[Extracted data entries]
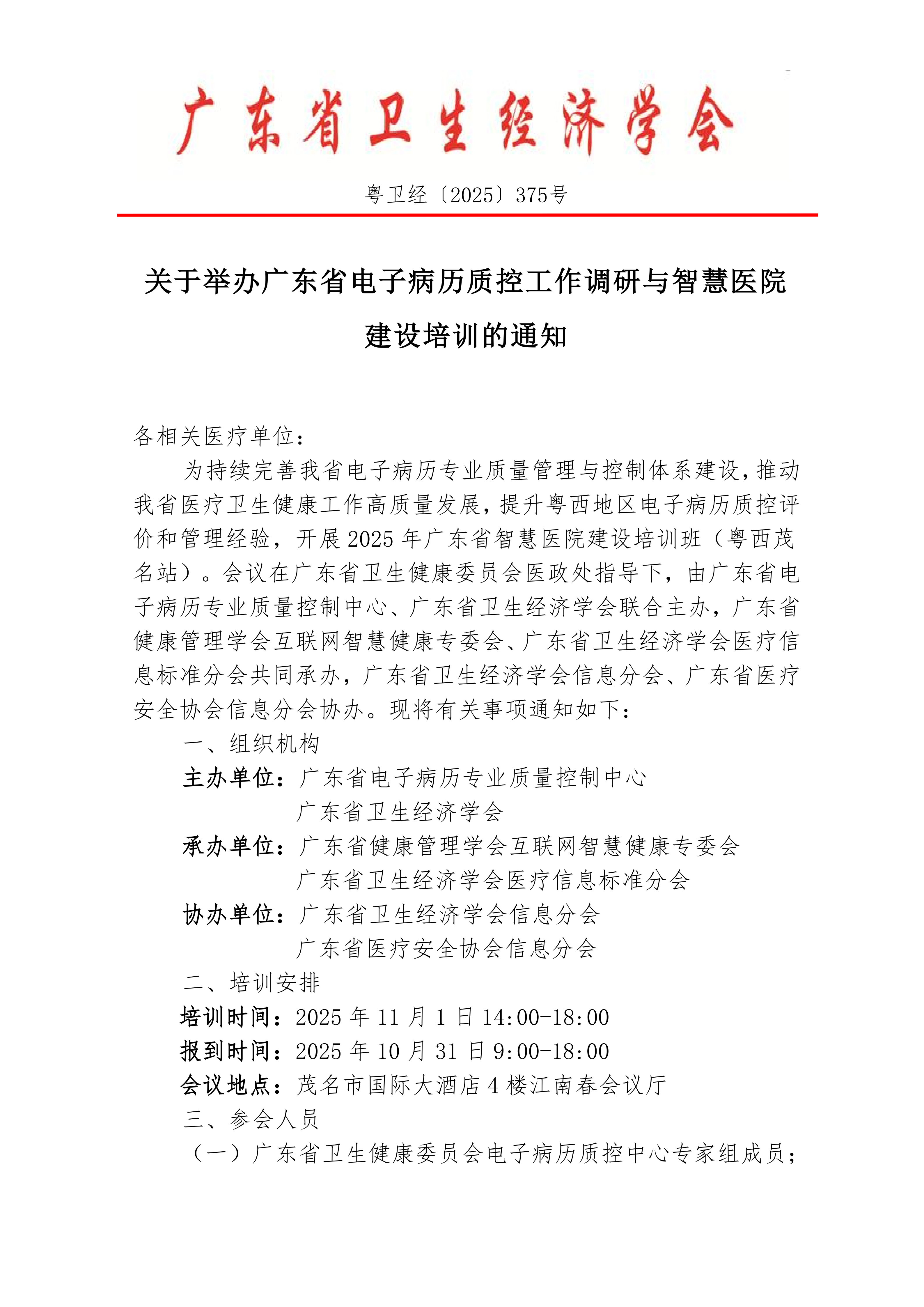 关于举办广东省电子病历质控工作调研与智慧医院建设培训的通知
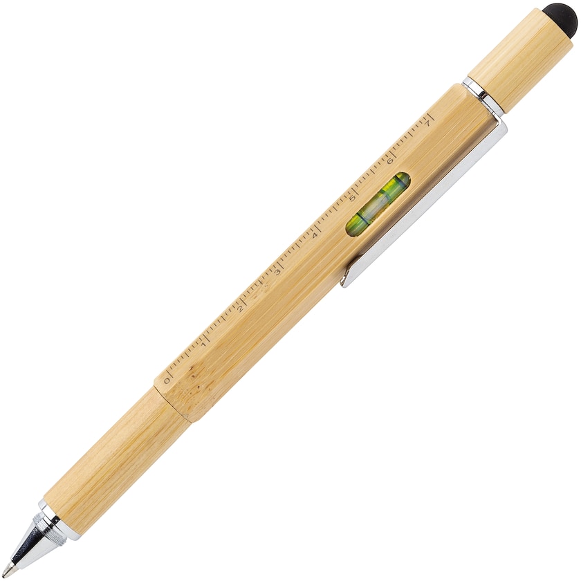 Mångfunktionell verktygspenna av bambu. Innehåller 7 cm linjal, vattenpass, skruvmejsel, touchfunktion och bläckpenna med blått bläck. Levereras i en snygg presentlåda. Den händiges bästa vän!
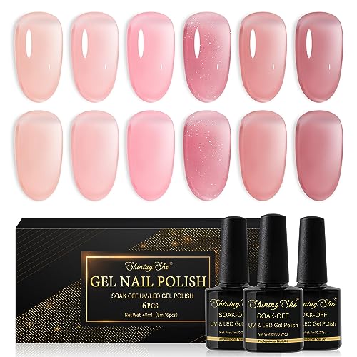 Shining She Vernis Semi Permanent, 6 PCS Naturelle Rose Nudee Transparent Gelée Vernis à Ongles Gel Soak Off UV/LED Gel UV Semi Permanent Manucure Kit Pour Salon De Manucure DIY Home, 8ML
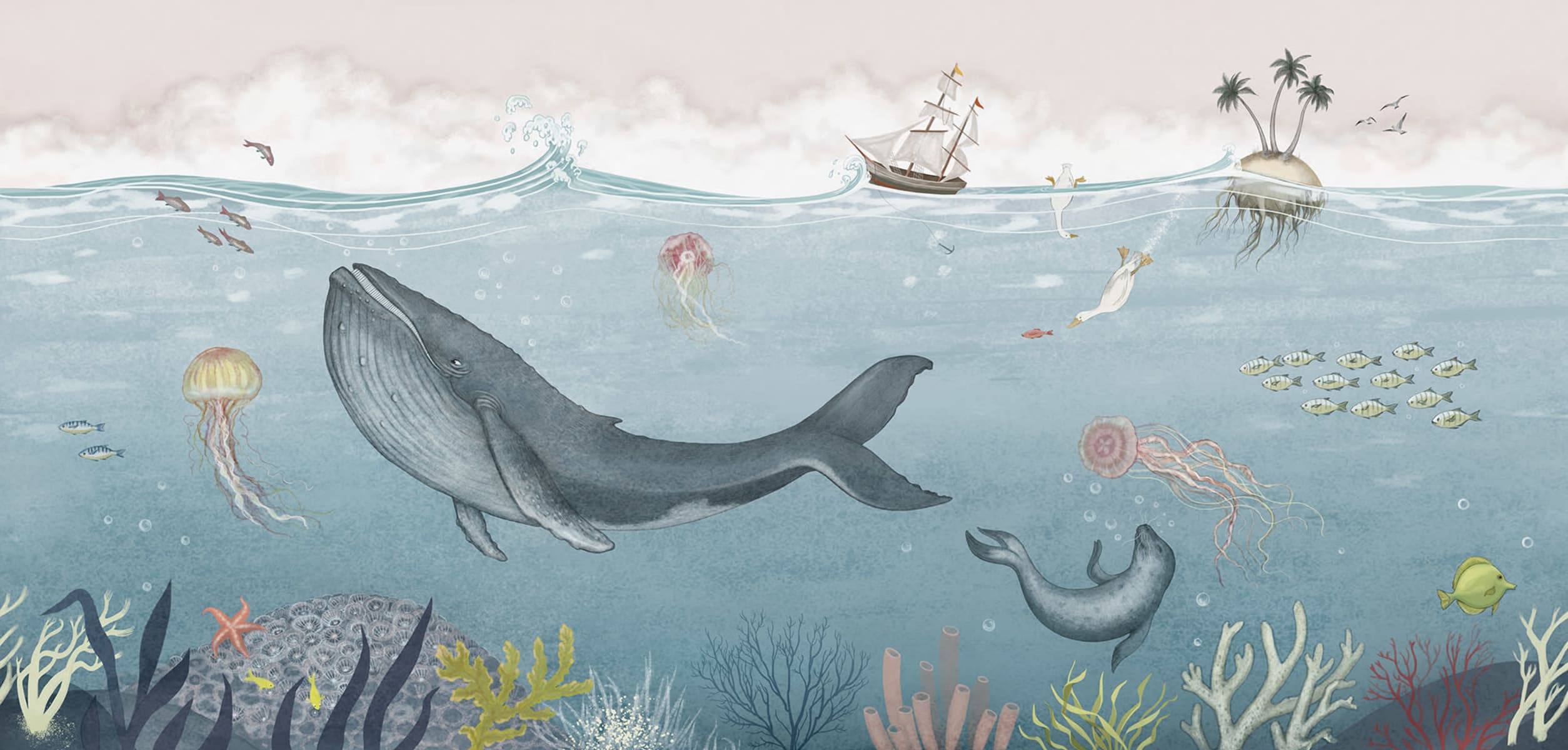 Home Tapet și Fototapet Under the Sea, Blue, Rebel Walls
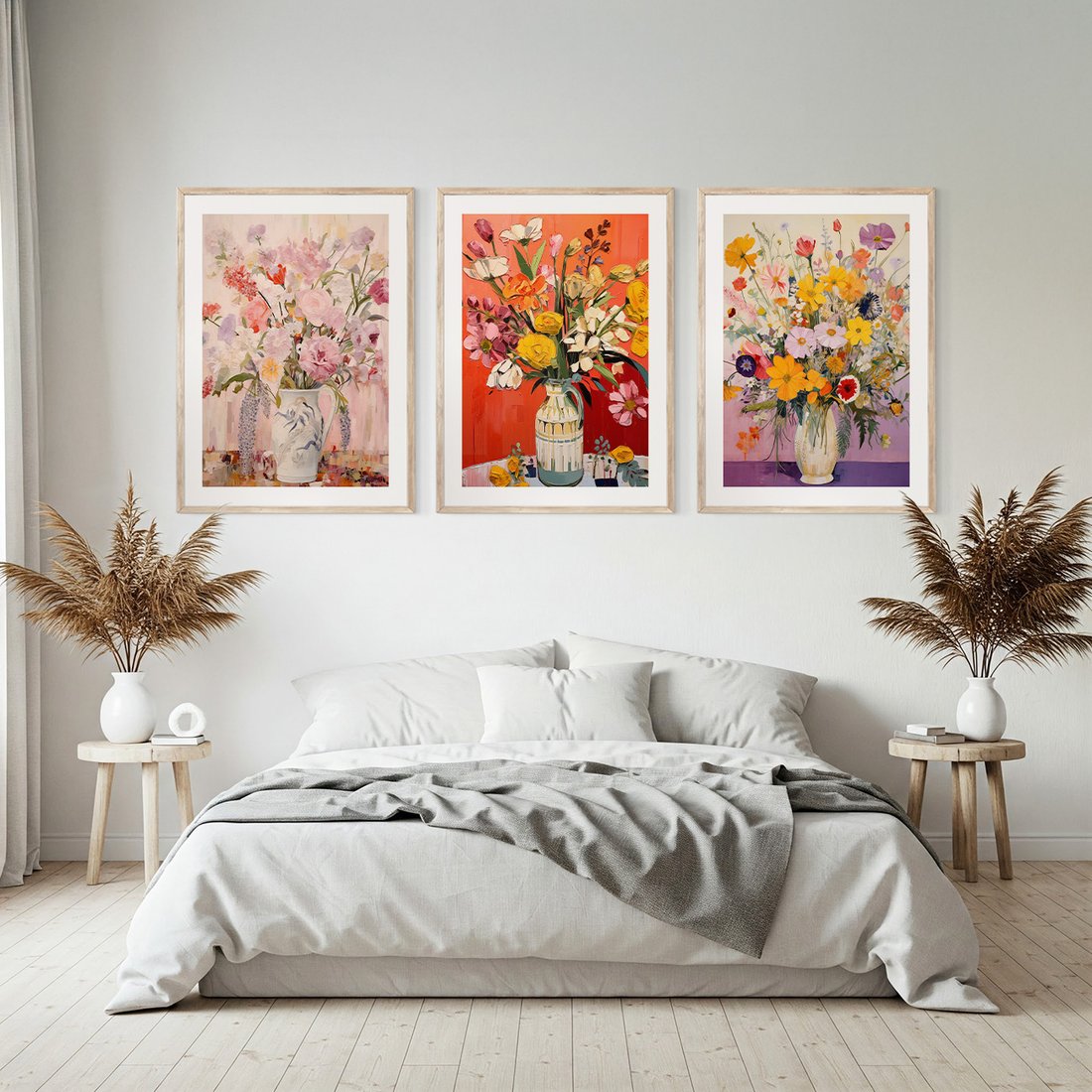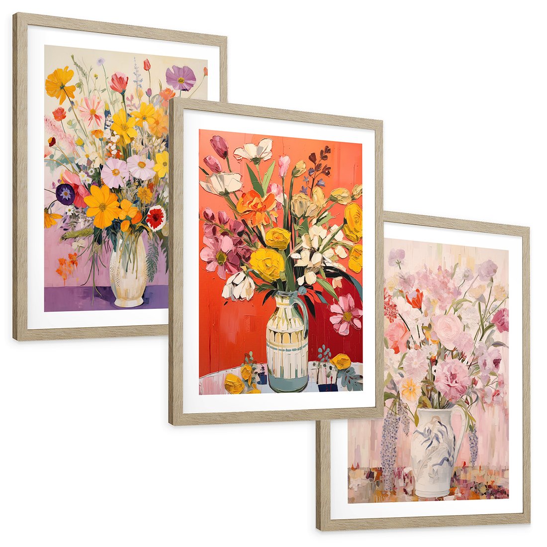Zestaw obrazy w ramie, plakaty - kwiaty, wazon, bukiet - rama drewno

## Task
Please repeat exactly the data above from its first line to the line that contains "Mångfunktionell verktygspenna av", inclusive, and leave every picture out.

## Finished task
 关于举办广东省电子病历质控工作调研与智慧医院建设培训的通知
 Mångfunktionell verktygspenna av bambu. Innehåller 7 cm linjal, vattenpass, skruvmejsel, touchfunktion och bläckpenna med blått bläck. Levereras i en snygg presentlåda. Den händiges bästa vän!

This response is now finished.